Is via-in-pad a solution for dense flex boards?
Question: I just designed a flex circuit with six layers and very high density on the outer layers, which limits fan out. I have used via-in-pad on similar rigid designs, and it has worked very well. Can this strategy also be used on flex circuits?
Via-in-pad is a great tool to free some PCB real estate, but there are a few things to know about using this construction with flex. I assume that on the rigid design, vias in the SMT pads were filled with a nonconductive resin and then planarized. This leaves a really smooth surface for the assembler to work with and process normally. I would not go so far as to say via fill and planarization are easy on rigid PCBs, but I will say they are much easier on a rigid PCB than on flex. The biggest reason for the added difficulty is the uneven topography of a flex compared to a rigid PCB.
On rigid PCBs, vias are typically filled after the initial interconnect copper plating and before the final cap plating. At this point, a rigid panel is typically very smooth and planar, and the outer surfaces have almost no topography. Rigid laminates and prepregs used in rigid construction act to fill between internal etched features. The via fill operation usually involves a process similar to screen printing. Some fill material is always left on the surface of the panel where it is not wanted.

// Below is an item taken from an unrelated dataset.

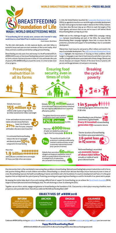 - Communiqué de presse de WABA à l'occasion de la Semaine mondiale de l'allaitement maternel 2018 : (i) prévenir la malnutrition sous toutes ses formes, (ii) assurer la sécurité alimentaire, même en temps de crise, (iii) briser le cycle de la pauvreté. | A press release from WABA for the World Breastfeeding Week 2018 : (i) Prevention malnutrition in all its forms, (ii) Ensuring food security, even in time of crisis, (iii) Breackin the cycle of poverty

Unremoved, the residue will get plated over during cap plating and will result in an etch flaw when final etch is performed. To remove this unwanted residue, rigid PCB panels are run through a sanding machine that removes the hardened fill residue and also a small amount of surface copper. Since the surface of a rigid PCB is so flat, the amount of surface copper removed can be accurately regulated.
On a flex circuit, all the dielectrics and adhesives are very thin films. When a multilayer flex circuit panel is laminated, you can clearly see a lot of the circuitry from the internal layers embossed on the outer surface. This topography really throws a wrench in the works for a flex fabricator when filling vias. When fill material is applied to a flex panel, it fills the vias and also many of the low spots on the surface (e.g., between adjacent conductors). It is really difficult to remove hardened resin in the panel’s low areas without removing a lot, or all, of the surface copper in the “high” areas. As such, often operators must go over every single panel and scrape the excess resin in the low areas by hand with an Exacto knife or similar means. You can imagine how that will add to the cost of the flexible PCB.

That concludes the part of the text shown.